Emil "Tom" Frei III (February 21, 1924 – April 30, 2013) was an American physician and oncologist. He was the former director and former physician-in-chief of the Dana–Farber Cancer Institute in Boston, Massachusetts. He was also the Richard and Susan Smith Distinguished Professor of Medicine at Harvard Medical School.

Early life and education 
Frei was born in 1924 in St. Louis. His family owned the stained glass manufacturer Emil Frei & Associates. Frei completed an accelerated pre-med Colgate University in 1944 after only 2 years of study and his medical degree from Yale University in 1948.

Career 
He interned at Firmin Desloge Hospital, now St. Louis University Hospital in St. Louis, Missouri and served as a physician in the Korean War. He worked at the National Cancer Institute from 1955 to 1965 and the M. D. Anderson Cancer Center from 1965 to 1972; while at M.D. Anderson he was the founding director of the Department of Development Therapeutics, which evolved into the Clinical Research Center. He served as physician-in-chief at the Dana-Farber Institute from 1972 to 1991. He is best known for his work on the treatment of lymphomas and childhood and adult leukemia. His groundbreaking research into then-controversial combination chemotherapy, including the VAMP regimen, earned him many awards.

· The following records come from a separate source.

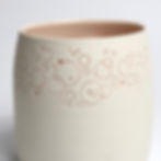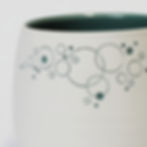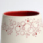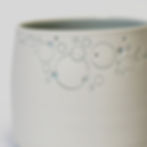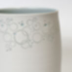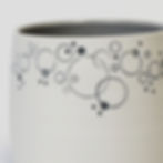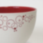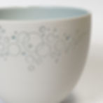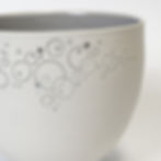 A l'intérieur de la pièce on trouve le brillant de l'émail. Il est gris, bleu ciel, vert, rose pâle, violet ou rouge. A l'extérieur le mat de la porcelaine brute. De fines bulles colorées rappellent la couleur intérieure. Chaque bulle est faite avec un outil différent, de ce fait, le décor n'est jamais identique.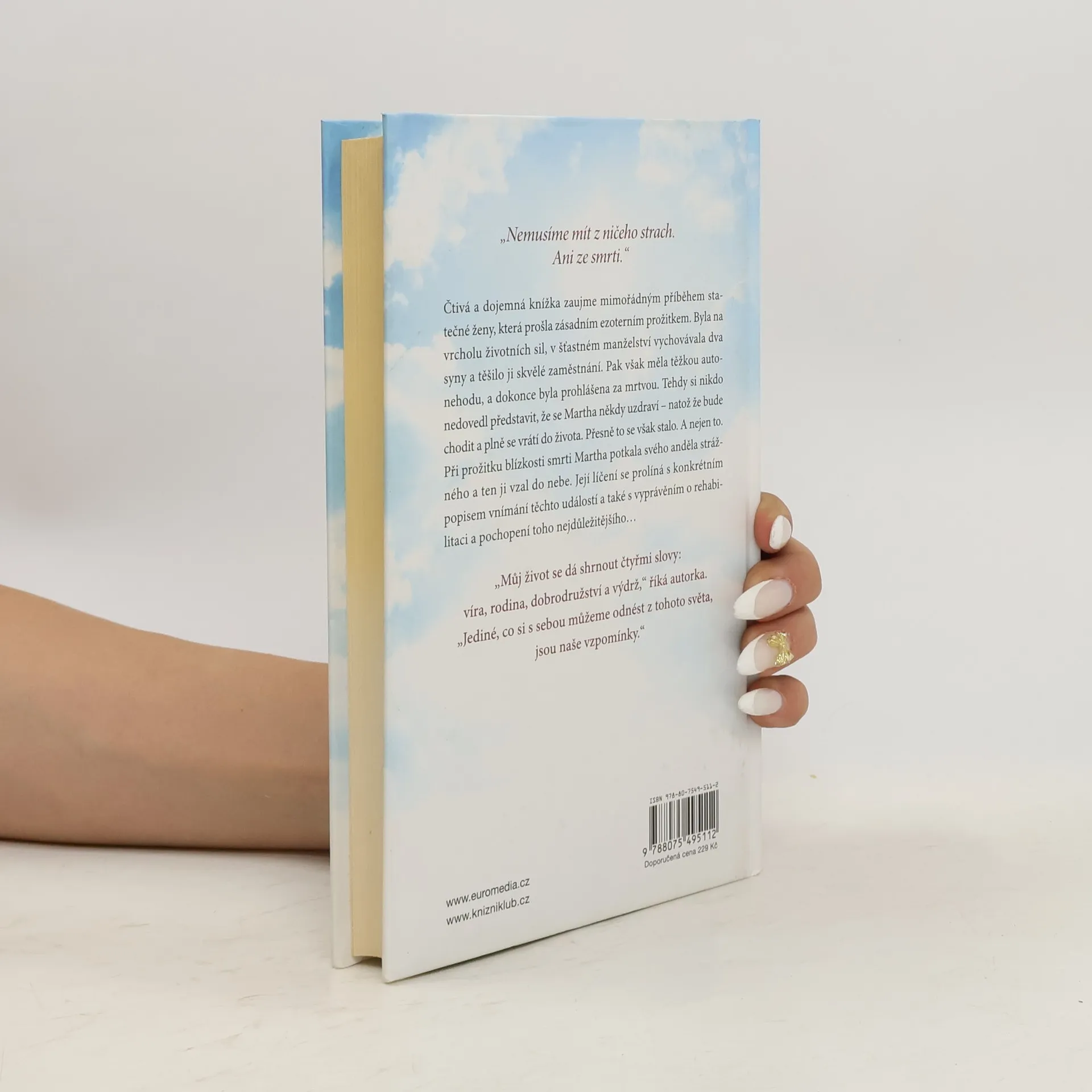 Moje cesta na věčnost a zpět. Čtivá a dojemná knížka zaujme mimořádným příběhem statečné ženy, která prošla zásadním ezoterním prožitkem. Autorka měla těžkou autonehodu, a dokonce byla prohlášena za mrtvou. Její „prožitky blízkosti smrti“ se prolínají s konkrétním popisem vnímání těchto událostí a také s vyprávěním o rehabilitaci, o návratu do plnohodnotného života, o pochopení toho nejdůležitějšího…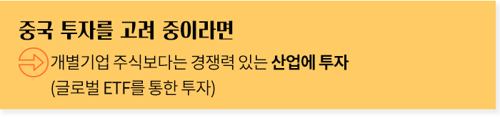 즉, 중국 투자를 고려하고 있다면 개별기업 주식보다 주식시장 내지는 중국의 경쟁력 있는 산업에 투자함으로써 개별기업의 불확실성에 대한 리스크를 덜며 투자하는 것이 좋습니다.
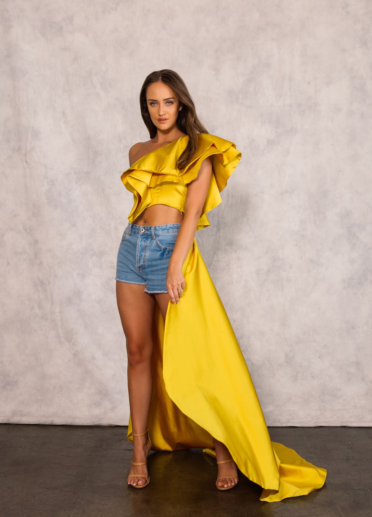 Gown Top perfect look to style with skinny jeans or shorts! off the shoulder top gives you the couture look with big ruffles adding volume to your shoulders and the back train is stunning !

He coauthored "Cancer Medicine" with Dr. James F. Holland.

Involvement in Cancer Cooperative Group Research
Frei was one of the founders of the Acute Leukemia Group B which later evolved into the Cancer and Leukemia Group B (CALGB). He served as the group chair for 16 years, from 1956 to 1963, and again from 1981 to 1990.

Journal of Clinical Oncology
He coined the Journal of Clinical Oncology in 1981, journal published first issue in 1983 in association with American Society of Clinical Oncology.

Recognition

In 1972 he received the Lasker-DeBakey Clinical Medical Research Award from the Lasker Foundation "for his outstanding contribution in application of the concept of combination chemotherapy for lymphoma and acute adult leukemia." Other awards included the Jeffrey A. Gottlieb Memorial Award (1978); NIH Distinguished Alumni Award (1990); Fellow, American Academy of Arts and Sciences (1999); Pollin Prize for Pediatric Research (2003); and AARC Lifetime Achievement Award (2004).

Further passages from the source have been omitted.